Tuesday, September 22, 2009

UFO Talk With Buck And Biff!

Getting out of bed is a problem for me. So how do I motivate myself? Simple. My portable radio has an alarm mode but instead of the buzzer, I set it to a particular AM radio station and then fall asleep.

Bam. Radio snaps on to a sports commentary program, boobs squawking about pro athlete nonsense. That gets me out of bed; I quickly kill the annoying chatter.

The other day I was snapping off the radio when an epiphany struck me: if such a program – basically egocentric opinions and boring scores and stats related to overpaid steroid-saturated muscle – can get people to tune in, why not use the same format to develop a broader audience for an relatively unpopular topic like UFOs? All you need is a couple of brawny guys who sound like they mainline caffeine, just zealous about the subject. Recycle the basic lines used by sports commentators and adapt them as needed.

= = =

BUCK: Welcome to UFO Talk! I’m your co-host, Buck!

BIFF: And I’m Biff! We’re here with the latest straight talk about Ufology!

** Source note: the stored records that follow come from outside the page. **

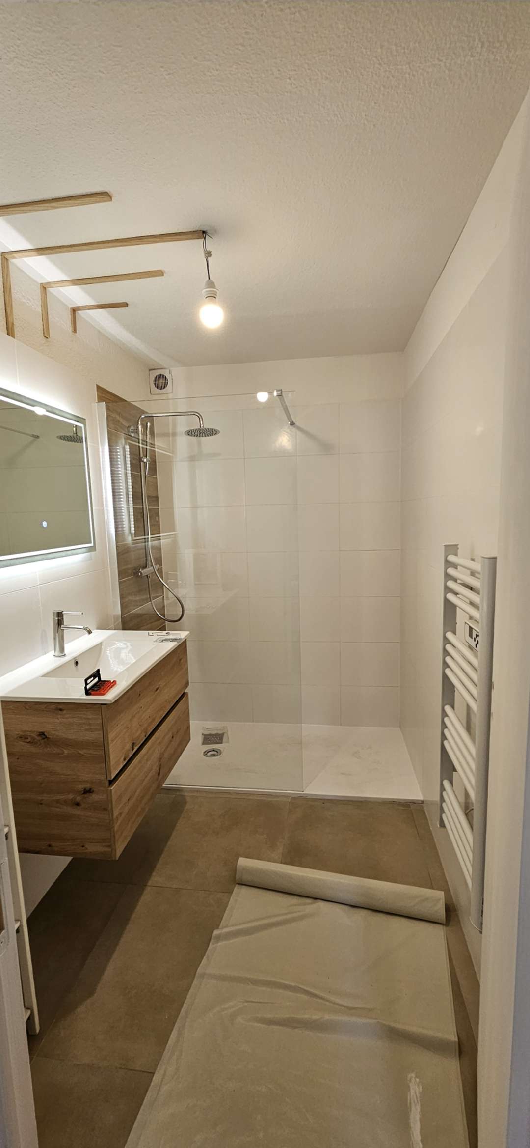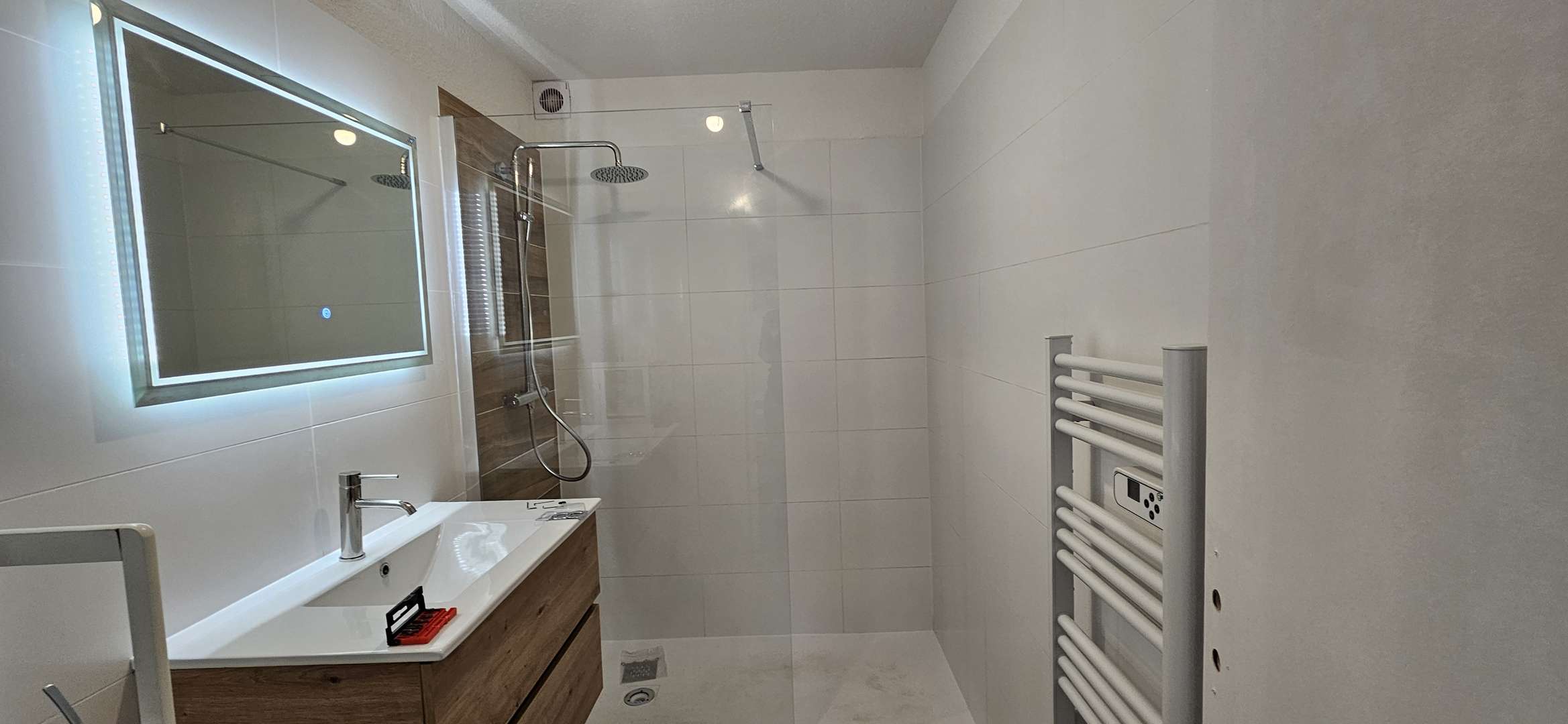 Bathroom: walk-in shower, washbasin, WC, heated towel rail
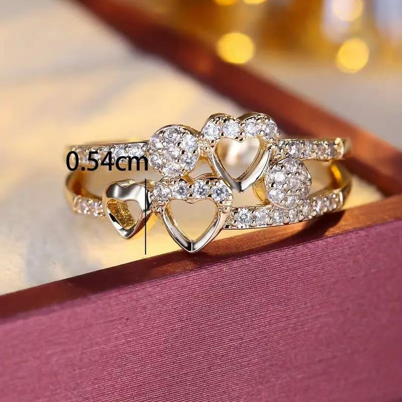 Double-Band Heart Ring with Synthetic Cubic Zirconia
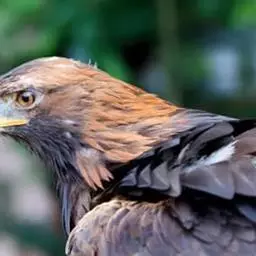 白肩雕:又名御雕,是大型猛禽。体长73-84厘米。体羽黑褐色,头和颈较淡,肩部有明显的白斑,在黑褐…
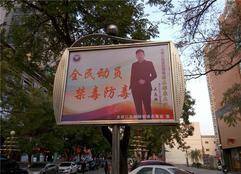 (2)人民路禁毒宣传广场建设和朝阳街禁毒宣传步行街建设。利用文化广场的电子显示屏和活动空间建设集播放禁毒宣传视频,固定式禁毒宣传栏宣传、禁毒宣传节目表演等于一体的禁毒宣传教育阵地,让广大群众在轻松休闲之余直观地接受禁毒宣传教育。为扩大禁毒宣传的影响力,大武口区朝阳街道办聘请公益人士担任该街道“禁毒宣传形象大使”,拍摄了禁毒宣传片,并制作了禁毒海报、固定式宣传栏,依靠公众人物的知名度和号召力,引导市民远离毒品。
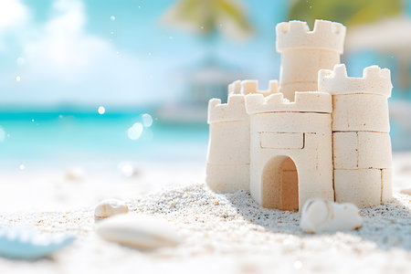 Sand castle on the beach with blue sea and white sand, summer vacation concept
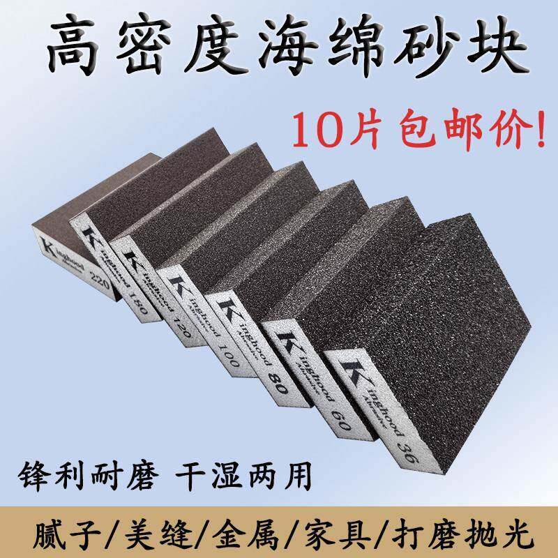 📚 10个海绵砂纸块美缝去黑边油漆批土打磨木工金属抛光方块海绵砂块
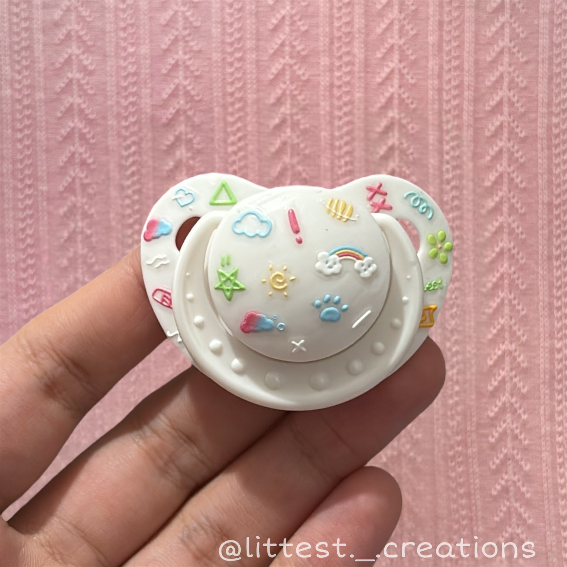 i price my items by the time and effort used to make the pacifier along with cost of supplies, any planars/centers i use have been either bought from various supply shops or images found online, they are not made by me and i do not profit from them ❤️
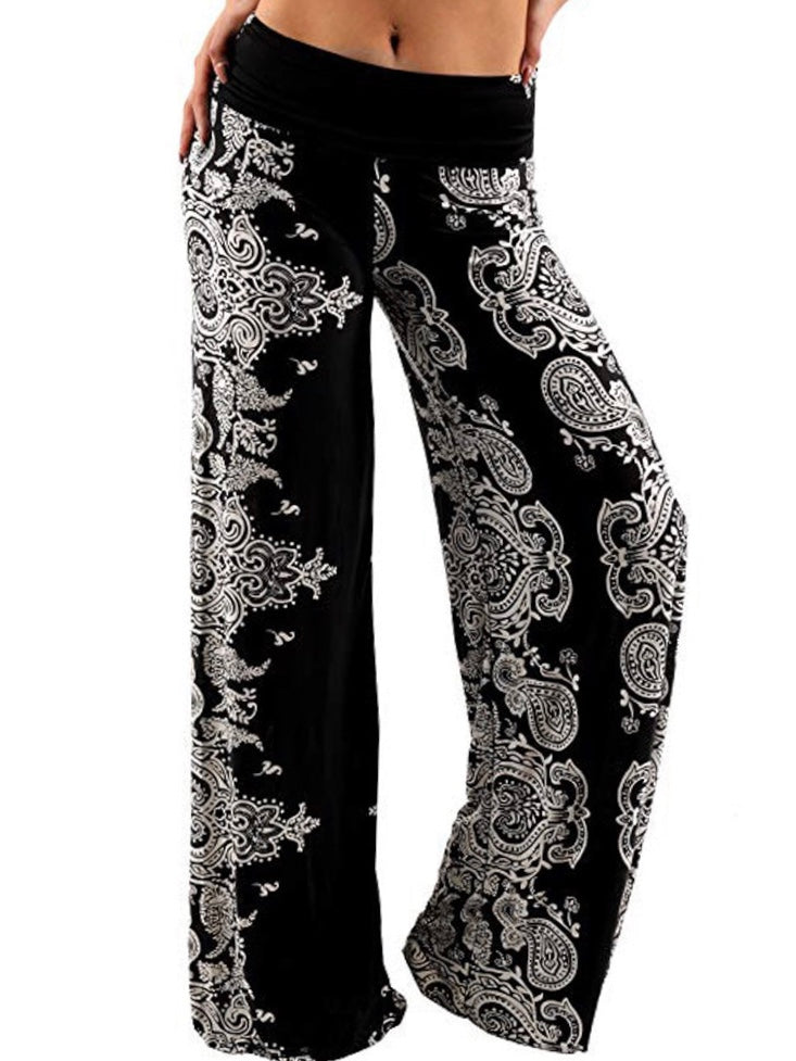Women's Plus Size Pants Fashion High Waist Printed Casual Yoga Wide Leg Pants

BUCK: Well, it looks like the Ultraterrestrials took a hit with the sudden retirement of John Keel to that big mothership in the sky!

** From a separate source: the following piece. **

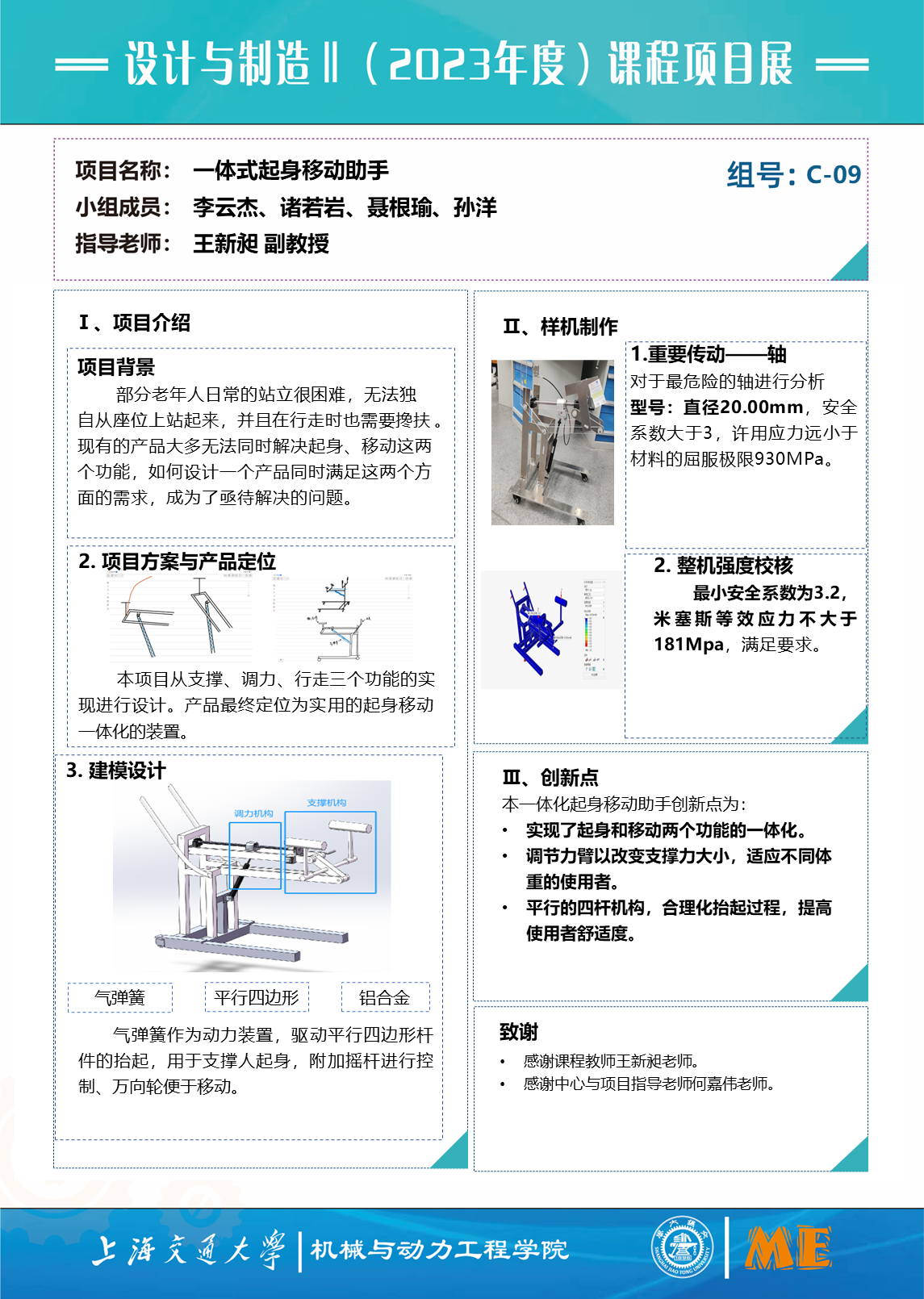 产品验证可实现项目预期功能,能够满足起身困难、行走不便者的需求。同时产品设计结构清晰、原理易懂,生产流程简单。但现有产品仍有许多不足之处需要修改,如支撑材料可以换成铝制,丝杠长度需要加大等等。
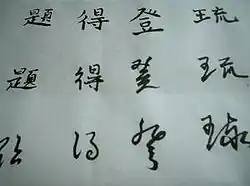De très nombreux styles de calligraphie chinoise furent développés au cours des siècles, tels l'écriture des sceaux (篆書, sceau-écriture), l'écriture cursive (草書), l'écriture des clercs (隸書) et l'écriture régulière (楷書, soit kǎishū ou écriture standard).

BIFF: And with Jacque Vallee still on the sidelines, just observing the game, it seems the ETH crowd rules the field!

BUCK: Yeah, especially with Stanton Friedman on the road! He just completed a double-header at the opening of a shopping mall somewhere between Fond du Lac and Sheboygan! Then he stopped by a nocturnal lights tailgate party to the surprise of local NL fans.

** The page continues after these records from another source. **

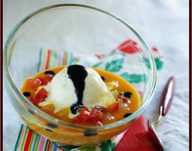 Crème glacée au chèvre coulis tiède de carotte, tomate et caramel balsamique
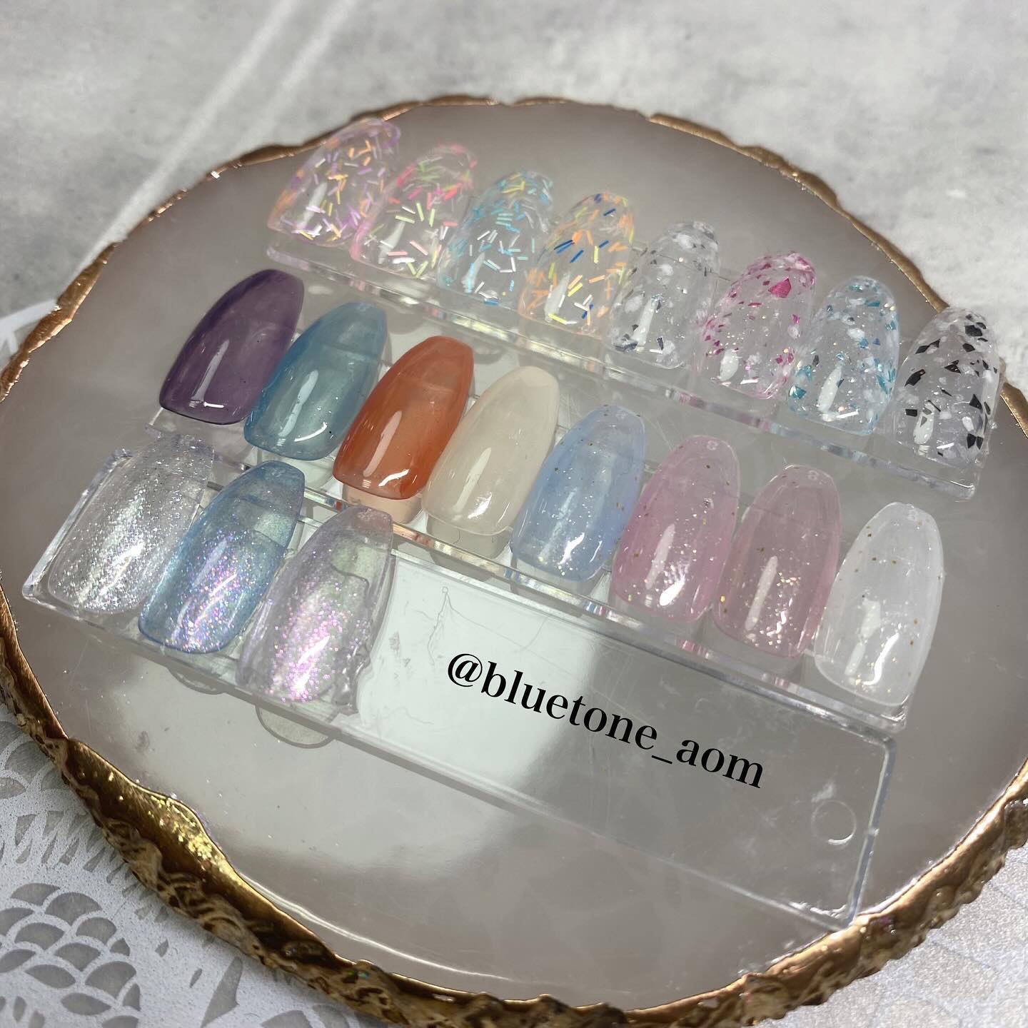 ラメがしっかりしてるし クリアカラーが入ってるから オーロラパウダー無しでも 充分キラキラしました! 反射強めのフィルムなので 実物はもっと うるうるとキラキラが強いです! ビー玉みたい🥺 ネイルシール長持ちさせたいけど ちょっと飽きてきたな〜って時とかに 全然違った印象になるのでオススメです! Seriaのベースジェル 本当にうるうるネイルしやすいので オススメしたい🙆♀️
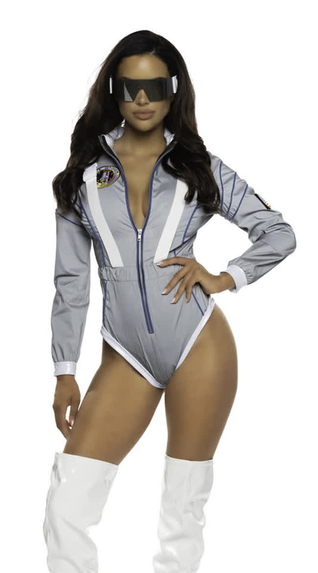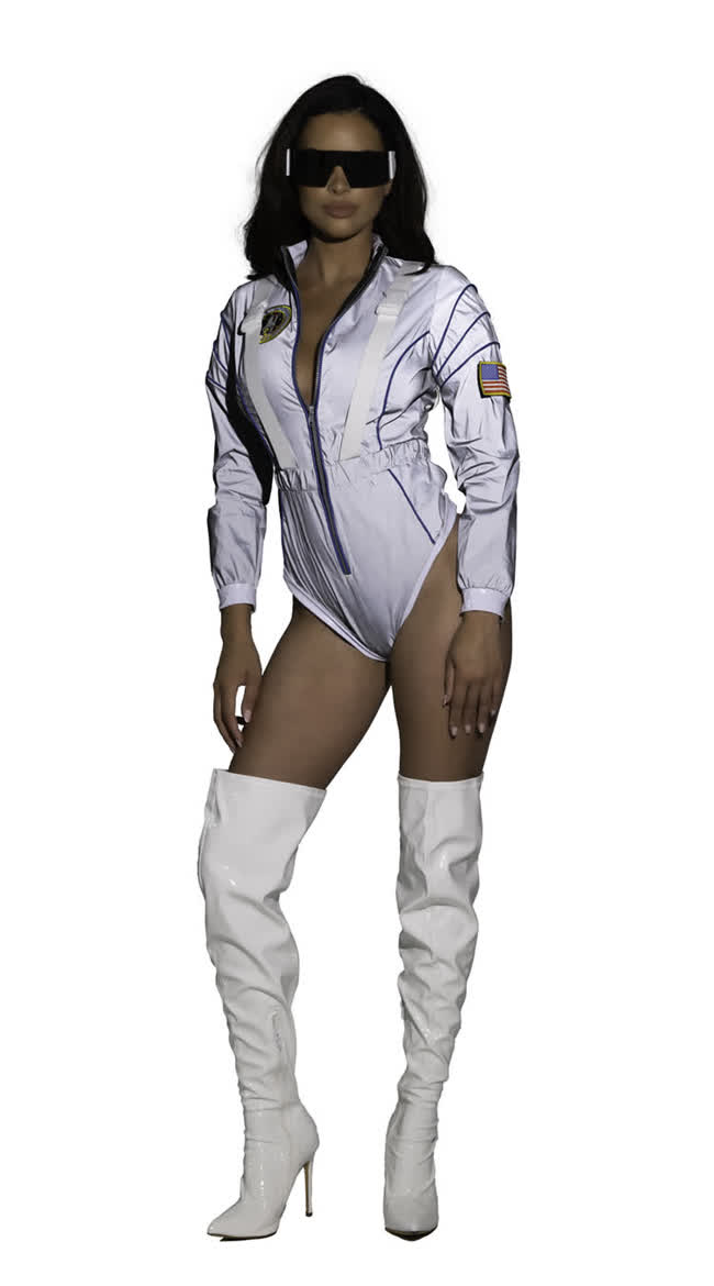 Take your look out of this world in the Alluring Astronaut Costume featuring a metallic silver zip-front bodysuit with NASA-inspired patches and bold shoulder accents. Sleek, sexy, and ready for launch, this intergalactic style will have you ruling the galaxy this Halloween.

BIFF: Meanwhile Team Exopolitics is stuck out in deep left field, ready to fumble the ball again, bases loaded!

BUCK: Hey, back off the Exos! They scored a few hits.

BIFF: Sure, of LSD!

BUCK: Why, you--!!

= = =

On second thought, maybe this isn’t such a good idea. There is already enough intercenine tribalism in ufology – why lower the field to the level of pro sports fans?